Beryllium is not the only alkaline earth metal used in making x rays, nor is magnesium the only member of the family applied as a laxative. Barium is used in enemas, and barium sul-fate is used to coat the inner lining of the intestines to allow a doctor to examine a patient’s digestive system. (Though barium is poisonous, in the form of barium sulfate it is safe for ingestion because the compound does not dissolve in water or other bodily fluids.) Prior to receiving x rays, a patient may be instructed to drink a chalky barium sulfate liquid, which absorbs a great deal of the radiation emitted by the x-ray machine. This adds contrast to the black-and-white x-ray photo, enabling the doctor to make a more informed diagnosis.
Radium
Today radium (Ra; atomic number 88; atomic mass 226 amu) has few uses outside of research; nonetheless, the story of its discovery by Marie Curie and her husband Pierre (1859-1906), a French physicist, is a compelling chapter not only in the history of chemistry, but of human endeavor in general. Inspired by the discovery of uranium’s radioactive properties by French physicist Henri Becquerel (1852-1908), Marie Curie became intrigued with the subject of radioactivity, on which she wrote her doctoral dissertation. Setting out to find other radioactive elements, she and Pierre refined a large quantity of pitchblende, an ore commonly found in uranium mines. Within a year, they had discovered the element polonium, but were convinced that another radioactive ingredient was present— though in much smaller amounts—in pitchblende.

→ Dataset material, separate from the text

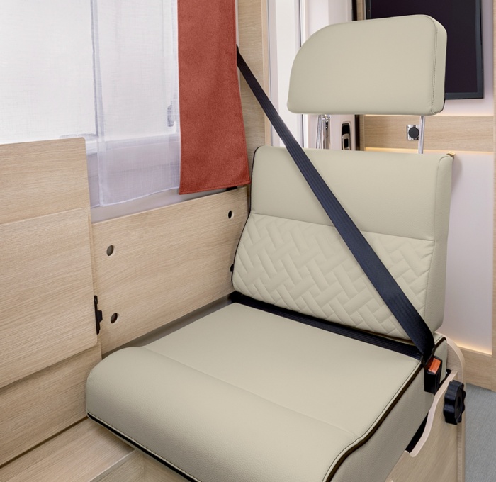 Bei der Innenausstattung wählen Sie die Atmosphäre, die zu Ihrem Stil passt: LUCEO oder NACARAT. Bei den Polsterungen stehen PALMA und NOUMEA* zur Auswahl. Die Jubiläumsmodelle 666F und 696F anlässlich des 65-jährigen Bestehens von RAPIDO verfügen über eine exklusive, bestickte Polsterung mit dem Logo «65 Jahre» (PALMA und NOUMEA).
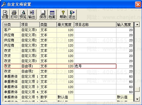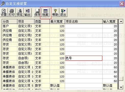 2.在自定义项设置中,存货自由项对应的项目名称录入“色号”。

The Curies spent most of their savings to purchase a ton of ore, and began working to extract enough of the hypothesized Element 88 for a usable sample—0.35 oz (1 g). Laboring virtually without ceasing for four years, the Curies—by then weary and in financial difficulties—finally produced the necessary quantity of radium. Their fortunes were about to improve: in 1903 they shared the Nobel Prize in physics with Becquerel, and in 1911, Marie received a second Nobel, this one in chemistry, for her discoveries of polonium and radium. She is the only individual in history to win Nobels in two different scientific categories.
Because the Curies failed to patent their process, however, they received no profits from the many “radium centers” that soon sprung up, touting the newly discovered element as a cure for cancer. In fact, as it turned out, the hazards associated with this highly radioactive substance outweighed any benefits. Thus radium, which at one point was used in luminous paint and on watch dials, was phased out of use. Marie Curie’s death from leukemia in 1934 resulted from her prolonged exposure to radiation from radium and other elements.